Pasca, WWW 2007

From Cohen Courses
Revision as of 01:44, 27 October 2010 by PastStudents (talk | contribs)
Jump to navigationJump to search

Citation

Pasca M. 2007. Organizing and Searching the World Wide Web of Facts Step Two: Harnessing the Wisdom of the Crowds. In Proceedings of the 16th World Wide Web Conference (WWW-07). pages 101-110, Banff, Canada.

Online version

WWW-07

Summary

The first step towards the acquisition of an extensive World Wide Web of facts which can be achieved by mining the from the Web documents.
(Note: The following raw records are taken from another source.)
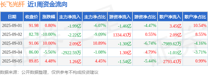 资金流向数据方面,本周长飞光纤主力资金合计净流出1.15亿元,游资资金合计净流出2.87亿元,散户资金合计净流入4.02亿元。本周资金流向一览见下表:
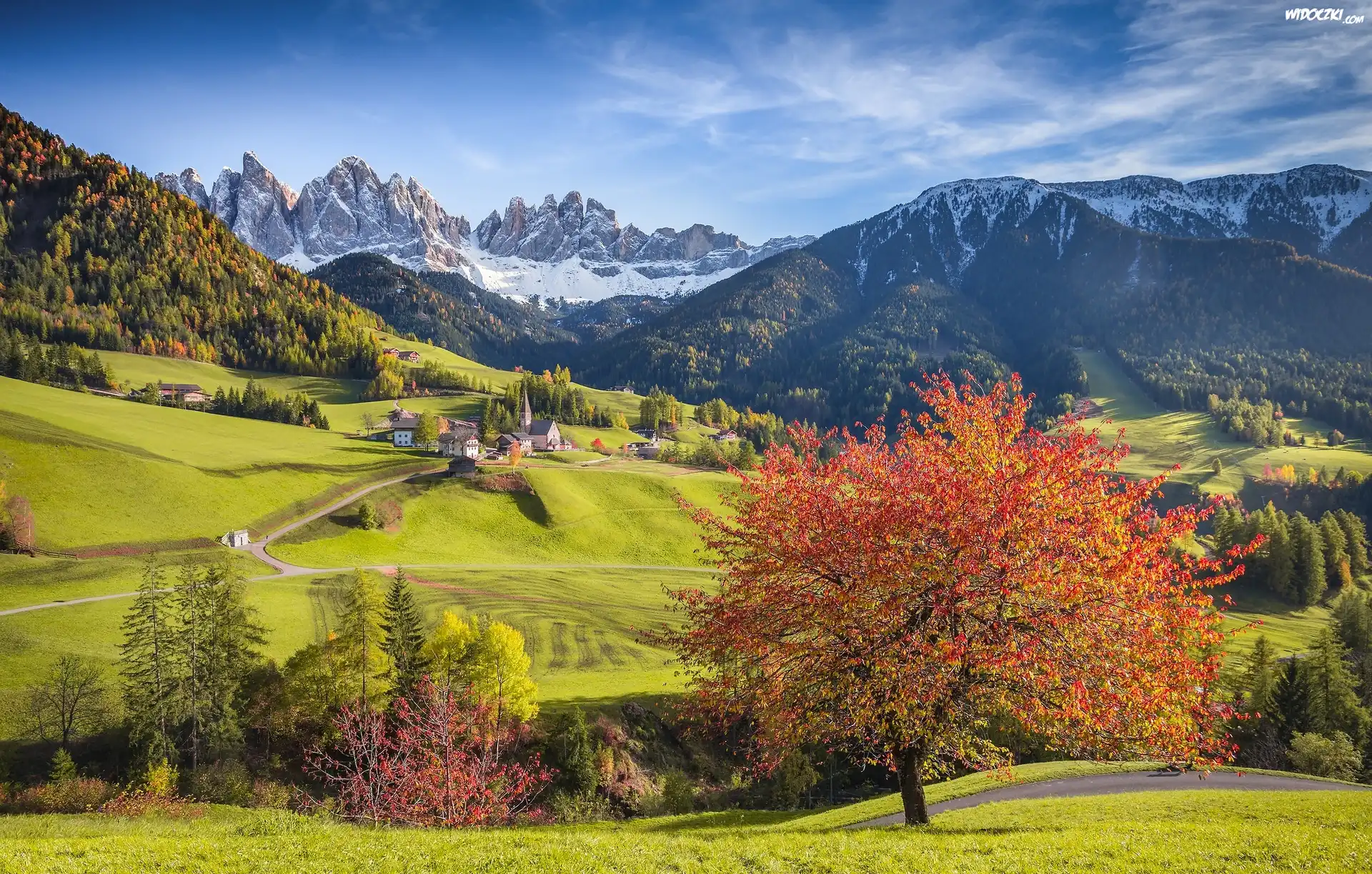 Zdjęcia, Włochy, Santa Maddalena, Dolina Val di Funes, Góry Dolomity, Wzgórza, Drzewa, Domy
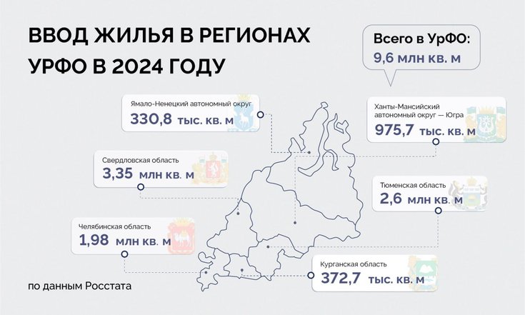 Росстат подвёл окончательные итоги по вводу жилья в регионах за 2024 год. Уральский федеральный округ завершил период с рекордными показателями: введено 9,6 млн кв. м жилья, это на 1,9% больше, чем в 2023 году, который также был рекордным по объёмам ввода.
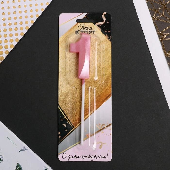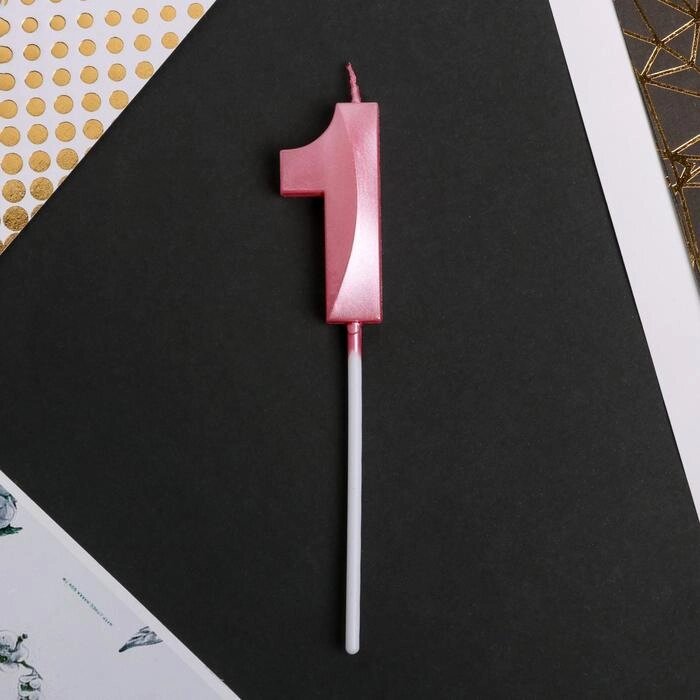 Свеча цифра "1" , розовая, 5 х 12 см

This step has been described in this paper. In order to get the most of it from the step 1, the authors suggest to get the types of facts and class attributes of common interest from people in the form of Web search query logs. Therefore the author introduces step 2 which is mining the query logs in order to get more attributes for a target class by using 5 seed attributes or 10 seed instances.

This paper

Mining queries vs documents

  • Amount of text : On the average a query contains only 2 words, on the other hand documents may contain thousands. In theory more data means better results.
  • Ambiguity : While web documents have clear contents, most of the web queries have ambiguity problems due to lack of grammatical structure, typos and misspellings. However, since the most search engines do not provide interactive search session, web users try to give clear and unambiguous queries to get their information fast.
  • Capturing human knowledge : Since people form queries by using their common sense knowledge, queries are a good way of capturing this knowledge.